Almost five years after being forced out of Barclays over the Libor rate rigging scandal, Bob Diamond has made a dramatic return to the City.

Diamond has pulled off an audacious takeover of City stockbrokers Panmure Gordon, through his Atlas Merchant Capital in an alliance with the Qatari royal family.

They’re paying a 68% premium for Panmure, which is one of the oldest brokerage in the Square Mile. Analysts believe Diamond could now turn Panmure into a ‘boutique’ investment bank.

Sign outside the London Stock Exchange.

In the City, shares in housebuilder Berkeley Group have jumped by 6% this morning after it issued an upbeat trading statement.

Profits will be at the top end of expectations, it said, despite a 16% drop in reservations since the Brexit vote.

But Tullow Oil have slumped by 15%, after it announced plans for a £607m rights issue to tackle its debt burden. The cash call is priced at a 45% discount to last night’s share price, prompting this morning’s slide.

Updated

Belgium’s stock market is pluckily bucking the downward trend this morning:

Eurozone stock markets this morning

Markets dip as political drama looms

European stock markets have begun the day on the back foot.

Germany’s DAX is down 0.4% in early trading, as the country prepares to welcome finance ministers and central bank bosses from across the G20.

That dragged the wider Stoxx 600 index down by 0.3%, with France and Spain also in the red.

In London, the FTSE 100 dropped by 8 points after hitting a record closing high of 7415 last night.

Henry Croft, Research Analyst at Accendo Markets, says political drama may drive the markets today:

With this week’s central bank updates and the Dutch election now in the rear view mirror, in focus today will be a multitude of high level political summits.

The US President Donald Trump is hosting the German Chancellor President Angela Merkel, as the leader of the Eurozone’s engine room meets face to face with the outspoken US chief for the first time since he took office.

In Europe, Theresa May will address the Conservative Spring Forum around midday - expect ‘Brexit means Brexit’ soundbites aplenty and potentially some remarks towards the SNP - while the G20 meeting of Finance Ministers in Baden-Baden will likely be headlined by US Treasury Secretary Mnuchin’s first appearance on the global stage (trade in focus?) and, of course, the looming challenge of Brexit.

Updated

The agenda: Happy Spring Equilux

Good morning, and welcome to our rolling coverage of the world economy, the financial markets, the eurozone and business.

City traders are enjoying a brighter commute to the office this morning. It’s the Spring Equilux - when the days start being longer than the nights, and winter gloom becomes but a memory.

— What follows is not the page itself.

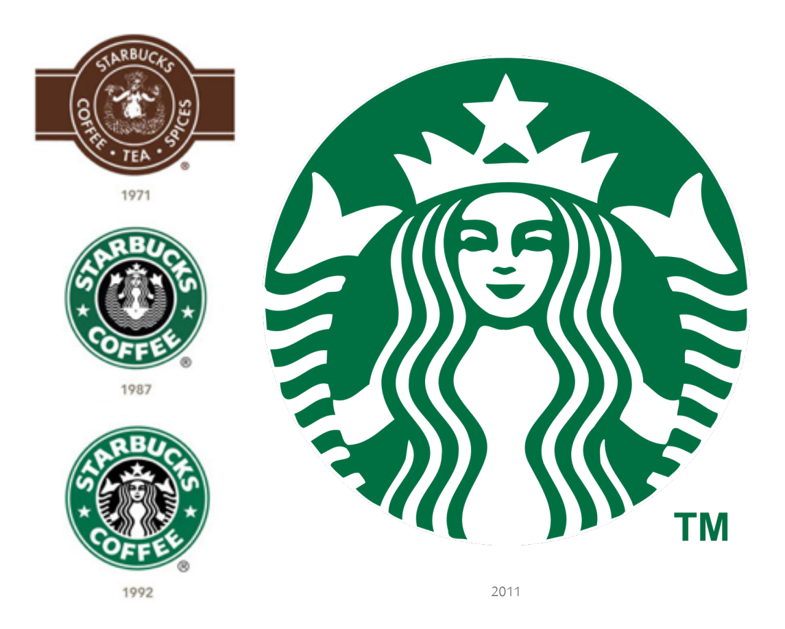
Figure 5: Starbucks logo evolution from 1971 to 2014

The use of the logo at Starbucks is crucial since it can be found on every product and is nearly recognised by all individuals worldwide; created in 1971 it has evolved during the years. As Brassington and Pettitt (2006) explain, the logo and brand name must be distinctive, supportive, acceptable, and available. Despite the fact that Starbucks is a freestanding brand name (the name does not describe the product) customers still link it directly to the products and services provided. The logo has been simplified over the years in order to be more easily recognizable. As Dooley (2012) discovered, the less detail you utilize, the more likely the customer will remember it. The evolution can be noticed below:

However, this new extra daylight may be wasted on us today, as there’s not too much actually going on.

After rallying yesterday, European stock markets are expected to dip back this morning - as the boost from Wednesday’s Dutch election fades.

The economics calendar is a little sparse.

  • 10am GMT: Eurozone trade balance for January
  • 10am GMT: Eurozone construction output for January
  • 2pm GMT: The US consumer confidence report from the University of Michigan
  • 5pm GMT: The weekly Baker Hughes count of US oil rigs in operation

Investors may also be watching Washington, where German chancellor Angela Merkel is meeting US president Donald Trump (her visit was delayed by heavy snow on Tuesday).

And G20 finance ministers will begin their two-day meeting in Germany; protectionism and free trade will be high on the agenda.

It’s US Treasury secretary Steven Mnuchin’s first G20 meeting since taking office.

RBC Capital Markets say:

Mnuchin is expected to present a softer tone from the US, shying away from the protectionist message of Trump’s campaign trail.